The European Market is located in Downtown Fargo, down the sidewalk from Nichole’s Fine Pastry. Their Facebook updates describe their latest deliveries from the East Coast including pastries, cheeses, and cured meats. In early January, Forum reporter John Lamb wrote about his visit to the Market and the foods he sampled. I stopped in this past weekend to check it out for myself.

The shop is tiny but features a cross-section of foods from Eastern Europe and Russia. Its selection is limited, but thoughtful, as if the proprietor cut to the chase and picked out her favorite things to feature. I chose a bag of frozen beef and pork pelmini dumplings from the frozen foods case that also containsed frozen blintzes, and additional pelmini varieties in both a veal and sweet variety. Across from the frozen section is a shelf of dry goods. I grabbed a jar of sweet and spicy eggplant spread and buttery crackers. I was also intrigued by jars of fruit preserves and tiny, pickled patty pan squash, though I passed on this visit.

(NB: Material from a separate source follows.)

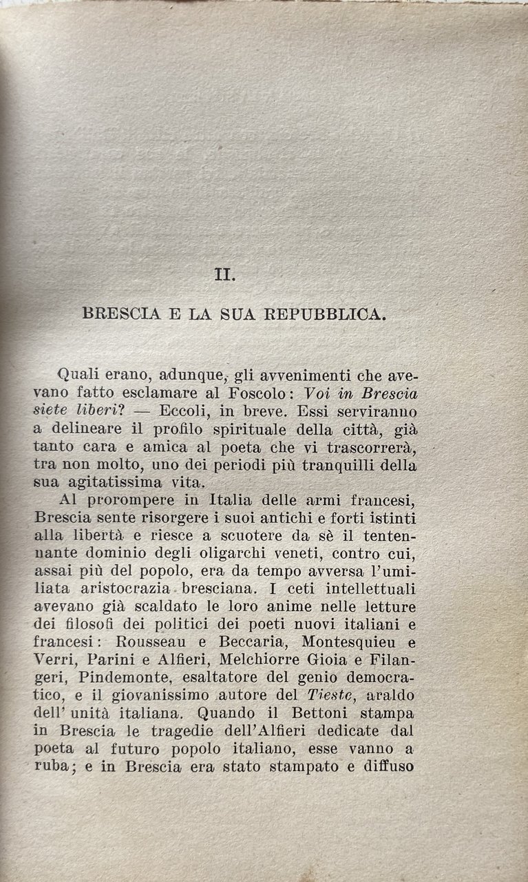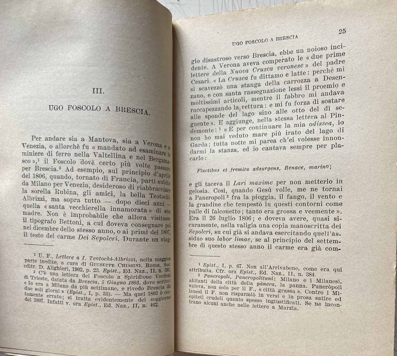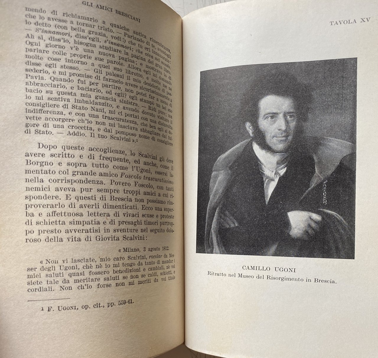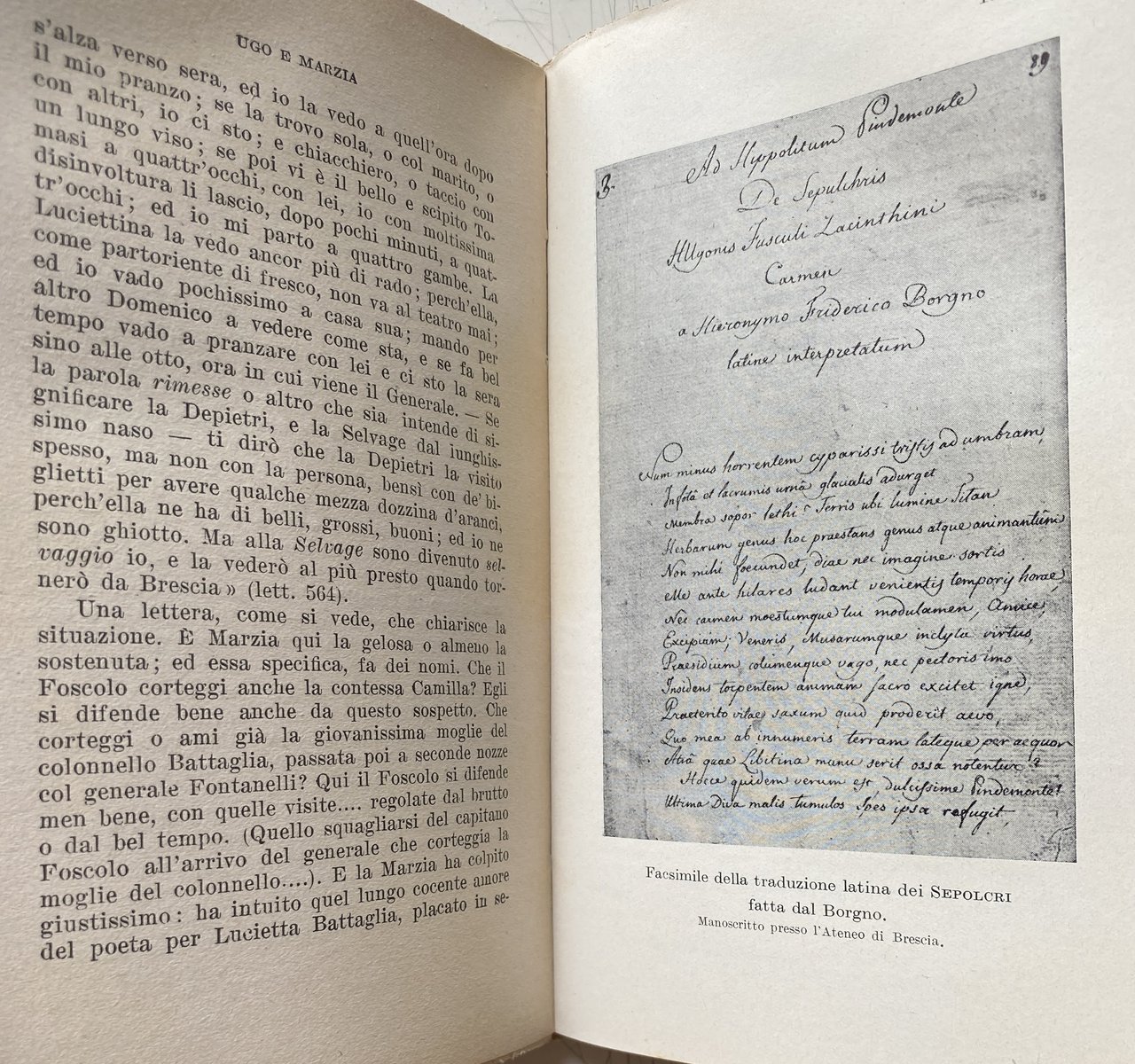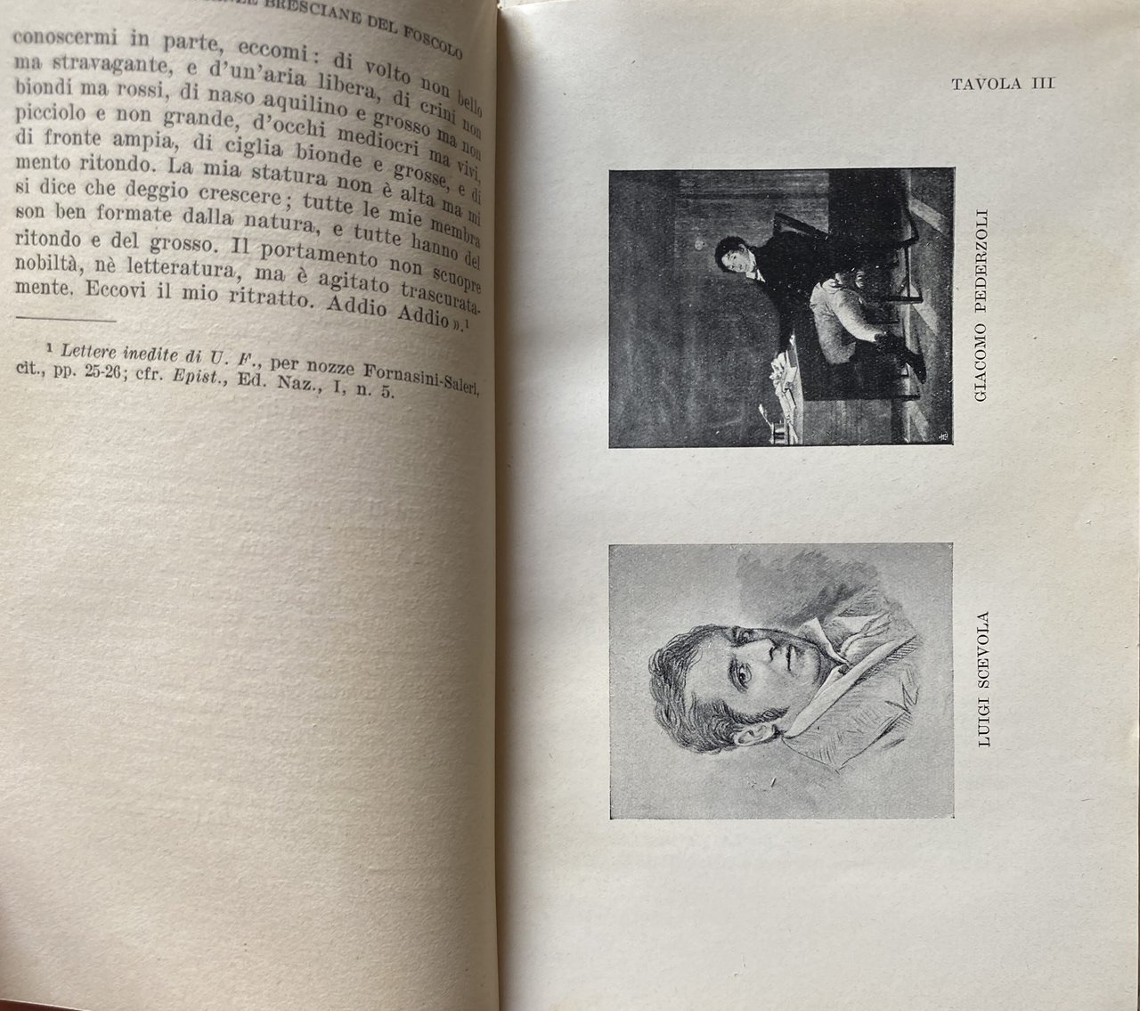Soggetti: Letteratura italiana, Biografie, Memorie, Epistolario, Lettere inedite, Corrispondenza, Relazioni amorose, Scritti, Dediche, Scambi epistolari, Ugo Foscolo, Romanticismo, Poesia, Poesie, Storie d'amore, Intellettuali, Contessa Marzia Martinengo Cesaresco Provaglio, Amicizie, Intimità, Sepolcri, Critica letteraria, Epistofoscolario, Brescia, Nobildonne, Arnaldo Beltrami, Raccolte, Antologie, Collezionismo, Rarità librarie, Libri rari Vintage illustrati fuori catalogo, Antiquariato, Opere, Edizione Nazionale, Plinio Carli, Settecento, Ottocento, Venezia, Austria, Francia, Rivoluzione francese, Età Napoleonica, Trattato, Cessione, Vendita, Campoformio, Tradimenti, Tradimento, Impero austro-ungarico, Francia, Napoleone Bonaparte, Cisalpina, Carmi, Vita culturale, Isabella Teotochi Albrizzi, Amori, Gioventù, Salotti, Borghesia, Nobiltà bresciana, Eloquenza, Retorica, Esilio, Erudizione, Filologia, Traduzioni, Classicismo, Omero, Chioma di Berenice, Iliade, Marzaccan, Mario Fubini, Didimo Chierico, Odi, Frammenti, Poemi, Patriottismo, Nazionalismo, Silvio Pellico, Patrioti, Nicolò Bettoni, Tipografia, Stampa, Editoria, Stampatori, Bodoni, P. Barbera, Fornasini, Pasini, Almanacco del Mella, Vita bresciana, Anni giovanili, F. Barbieri, Giambattista Passano, Girolamo Federico Borgno, Camillo Ugoni, Francesco Filos, Pier Damiano Armandi, Latino, Greco, Ippolito Pindemonte, Vincenzo Monti, Cesare Arici, Gaetano Fornasini, Grecia, Zante, Giustina Renier Michel, Repubblica veneta, Luigi Scevola, Carlo Roncalli Parolino, Battaglie, Libertà, Bianca della Somaglia Uggeri, Fausto Lechi, Ugo Baroncelli, Paolo Tosio, Luigi Mabil, Ferdinando Arrivabene, Ugo Da Como, Jacopo Ortis, Annetta Arese Fagnani, Margherita Negroboni, Eleonora Monti, Lodovica Fè d'Ostiani, Conversazioni, Società salottiera, Politica, Indipendenza, Dame, Donne, Muse, Poetica, Passione, Saggistica, Riferimento, Consultazione, Bibliografia, Carteggio amoroso, Versi, Baretti, Chiarini, Arnaldo Beltrami, Orlandini, Mayer, Perosino, Bianchini, Tipaldo, Idee rivoluzionarie, Moti, Massoneria, Carlo Roncalli, Epigrammi, Giacomo Perderzoli, Fotografie d'epoca, Jean-Jacques Rousseau, Cesare Beccaria, Montesquieu, Verri, Giuseppe Parini, Vittorio Alfieri, Gaetano Filangieri, Melchiorre Gioia, Napoli, Gioacchino Murat, Martiri, Repubblica Partenopea, Congiure, Rivolte, Ribellione, Giacobini, Ritratti, Autografi, Letterati, Antonio Buccelleni, Cenacolo, Spielberg, Confalonieri, Santa Croce, Mazzini, Gioberti, Cattaneo, Alessandro Manzoni, Amalia Augusta, Logge massoniche, Società segrete, Giovine Italia, Istria, Dalmazia, Trieste, Frontespizio, Fac-simile, Giovita Scalvini, Niccolò Tommaseo, Italian literature, Biographies, Memoirs, Epistolary, Unpublished letters, Correspondence, Love affairs, Writings, Dedications, Exchanges of letters, Romanticism, Poetry, Poems, Love stories, Intellectuals, Countess, Friendships, Intimacy, Sepulchres, Literary criticism, Epistofoscolario, Noblewomen, Collections, Anthologies, Collectables, Book rarities, Rare books illustrated out of catalogue, Antiques, Works, National edition, Eighteenth century, Nineteenth century, Venice, France, French Revolution, Napoleonic age, Treaty, Transfer, Sale, Betrayals, Betrayal, Austro-Hungarian Empire, France, Napoleon, Poem, Cultural Life, Love, Youth, Salons, Bourgeoisie, Brescian Nobility, Eloquence, Rhetoric, Exile, Erudition, Philology, Translations, Classicism, Homer, Berenice's Hair, Iliad, Odes, Fragments, Poems, Patriotism, Nationalism, Patriots, Typography, Press, Publishing, Printers, Almanac, Life, Youth, Latin, Greek, Greece, Zakynthos, Venetian Republic, Battles, Freedom, Conversations, Lounge society, Politics, Independence, Ladies, Women, Muses, Poetics, Passion, Non-fiction, Reference, Consultation, Bibliography, Loving Correspondence, Verses, Revolutionary Ideas, Riots, Freemasonry, Epigrams, Vintage Photographs, Martyrs, Parthenopean Republic, Conspiracies, Revolts, Rebellion, Jacobins, Portraits, Autographs, Literates, Last Supper, Masonic Lodges, Secret societies, Young Italy, Dalmatia, Frontispiece

Next, I visited the deli counters featuring cheeses and cured meats. I tend to be a shy and slightly bashful person, but I’m glad I asked Katerina for suggestions. She encouraged me to sample a variety of cheeses, from smoked Gouda to a mild, dimpled cheese from Lithuania. I noticed a few more cheeses in the refrigerated cooler. One appeared soft and spreadable, while another reminded me of feta. Next time, I’ll explore the cured meats. Finally, the cooler to the left of the cheese case featured fancy desserts. Tidy rectangles of layered cakes and pastries in all colors. Like the rest of the store’s offerings, they, too, were affordable.

My bill was $14.

This is frickin’ awesome.

Katerina instructed me to boil the pelmini for seven minutes in salted, boiling water along with a bay leaf and enjoy them with ketchup or sour cream. After I boiled the dumplings, I tossed them into a pan and sauteed them with butter infused with caramelized onions and hot chili.

They were porky and succulent. A nice lunch for two (with leftovers) for $4 a bag. My friend, Yuliya, who coordinates the local Fargo Foodies Network in Fargo makes her own pelmini and recommended this video tutorial. She fills hers with ground beef, garlic, and green onion and serves them with sour cream and sprinkled with dill.

While I was exploring the European market, a couple popped in to visit. They looked around and left without trying anything. Confronting a deli case filled with unfamiliar meats and cheeses can feel intimidating, but don’t be afraid to ask for suggestions or samples. I’ve rarely met a propriator unwilling to show off his or her favorite foods.